Dr. Johnson anticipates and responds to many of the objections against white nationalism, and does this so well that this alone makes this book worth reading. (One example: If challenged to define who qualifies as white, the answer is “the ones who are supposed to feel white guilt.”) Yet this is far more than “White Nationalism 101.” It is a sustained, coherent argument grounded in political theory. Dr. Johnson effortlessly cites Martin Heidegger, Alain de Benoist, Tatu Vanhanen, and others, to the profit both of veterans and of those new to the movement. The “Recommended Reading” section is a welcome guide to further education.
Dr. Johnson also includes a useful discussion of what he calls the “Old Right,” or the fascist and National Socialist movements. He writes that these movements have “much to teach us,” but draws vital distinctions between past and present, warning especially against what he calls the “Bolshevik organizational model” of many fascist movements. He criticizes those who “lack a worldview of their own” and instead “go shopping for a complete and ready-made system of ideas that they can adopt as a package deal.”
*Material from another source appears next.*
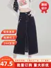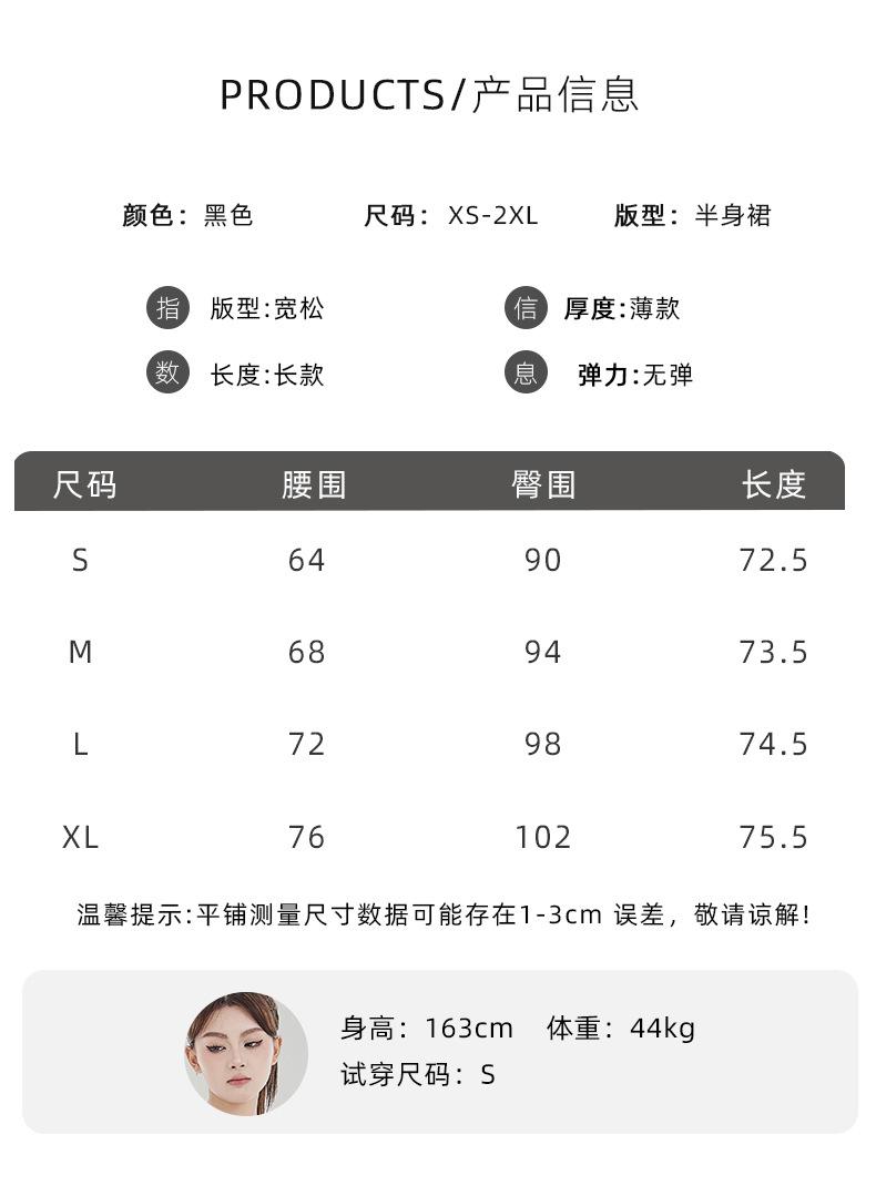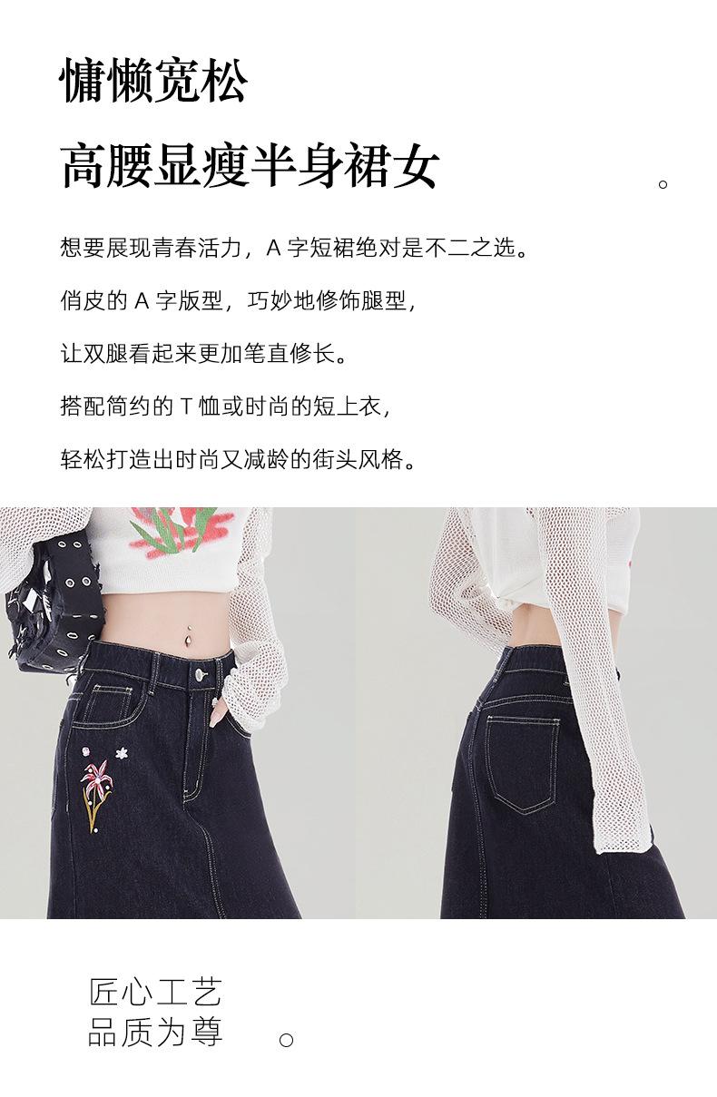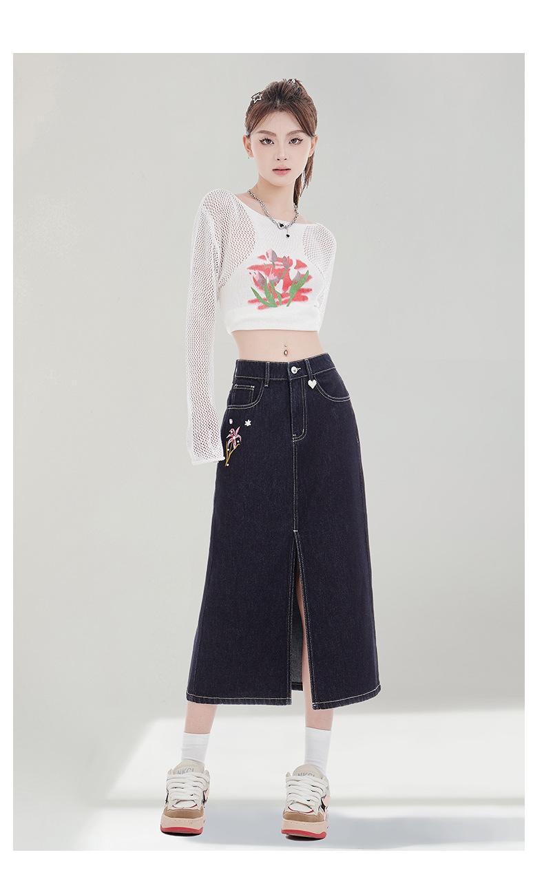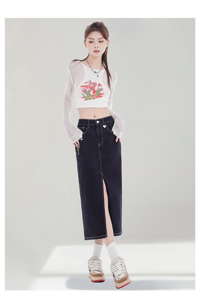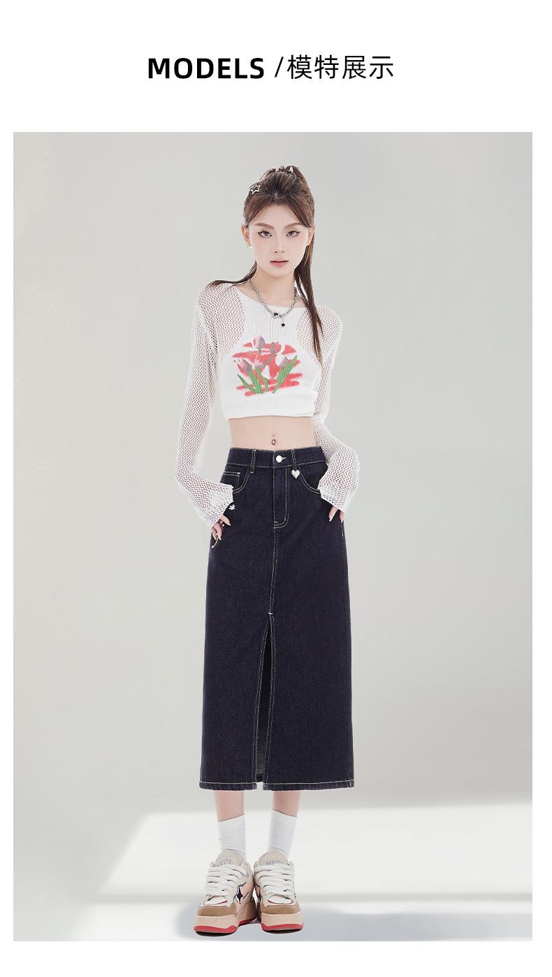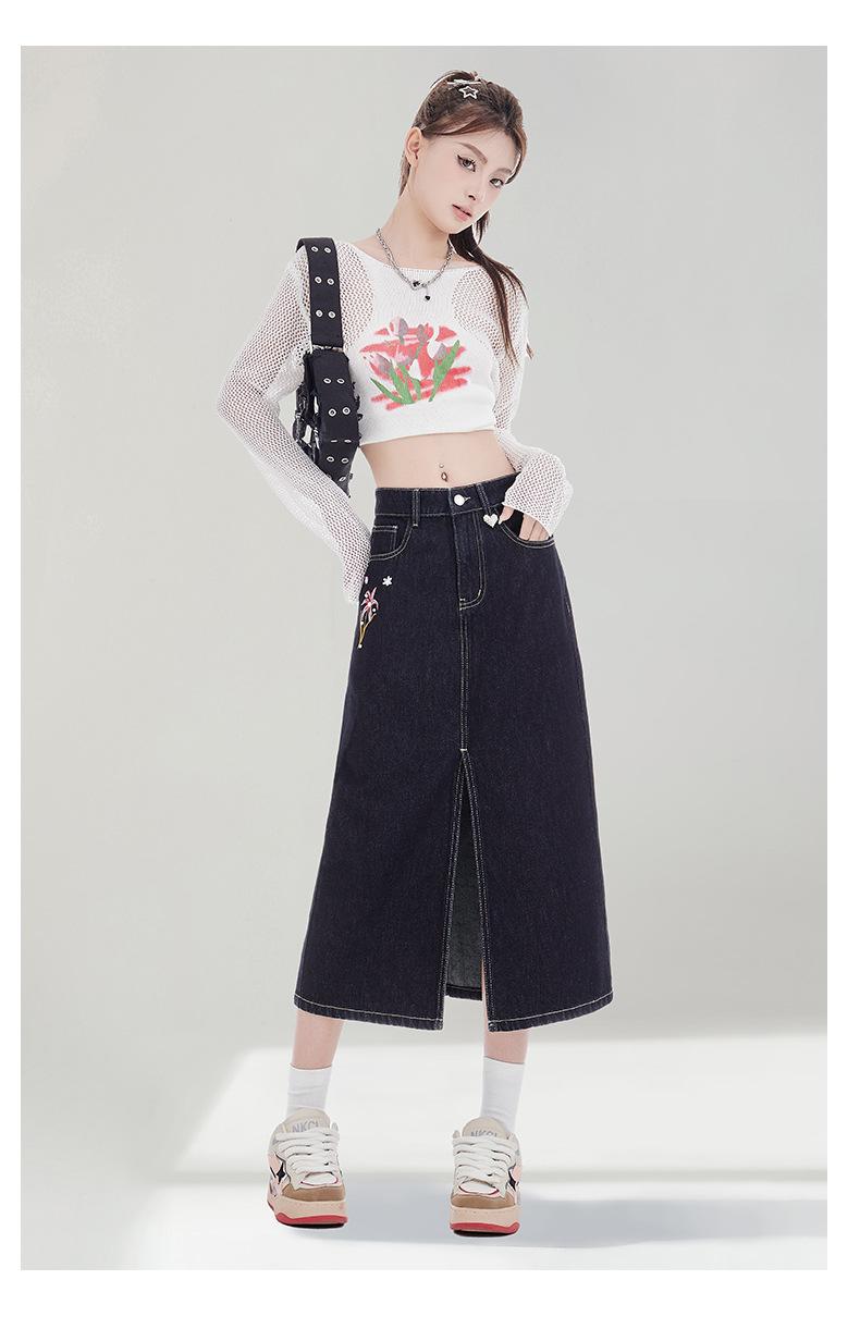 Falda de Mezclilla Negra para Mujer 2025 Verano Nueva Cintura Alta Adelgazante Media Longitud Abertura Adelgazante Falda Tubo

Dr. Johnson scorns the “escapism” of associating with regimes utterly foreign to our time and place, and instead argues for a movement that can “graft itself onto the living traditions of its own homeland, not exotic imports or toxic and highly stigmatized ideologies.” Dr. Johnson likewise condemns “self-marginalizing, self-defeating behavior,” which is especially destructive at this critical moment.
But isn’t “white nationalism” itself “toxic” and “highly stigmatized?” Dr. Johnson argues that “implicit White Nationalism is the animating principle of the growing populist-nationalist movements across the white world” and believes “we will inevitably move from implicit to explicit racial advocacy.” What now prevents this transition is a hostile establishment “already working feverishly, at nearly 100% capacity, to suppress white identity politics.” However, “when our rising consciousness exceeds their declining ability to control us, then we win.”
But when will that time come? White advocates have been driven from social media, selectively prosecuted by a “conservative” administration, and cut off from means of fundraising. White advocates have less freedom to speak without fear of reprisal than before President Trump’s election. The White Nationalist Manifesto provides little guidance about how to reverse this process. The rise of overt anti-white hatred has also become mainstream since President Trump’s election.
Yet the need to reveal the iron fist within the velvet glove of “diversity” is itself progress. Our rulers rightly fear the appeal of white nationalism. If one were to judge from headlines, it dominates the political conversation. The White Nationalist Manifesto comes at a critical time and provides an approachable, logical, and humane explanation of white nationalism. It avoids sloganeering and divisive “party programs;” it begins a conversation rather than ends it.
As Dr. Johnson notes, we probably can’t change the minds of those who think the white race should die. We can appeal to those who value white civilization but shy away from doing what is necessary to preserve it. This is the perfect book for the conservative teetering on the edge of racial awareness.
Dr. Johnson has written a book that is both timely and timeless. It defines the politics of the present moment but also outlines a vision that will speak to every generation. It’s a book that desperately needed to be written. Now, it desperately needs to be read.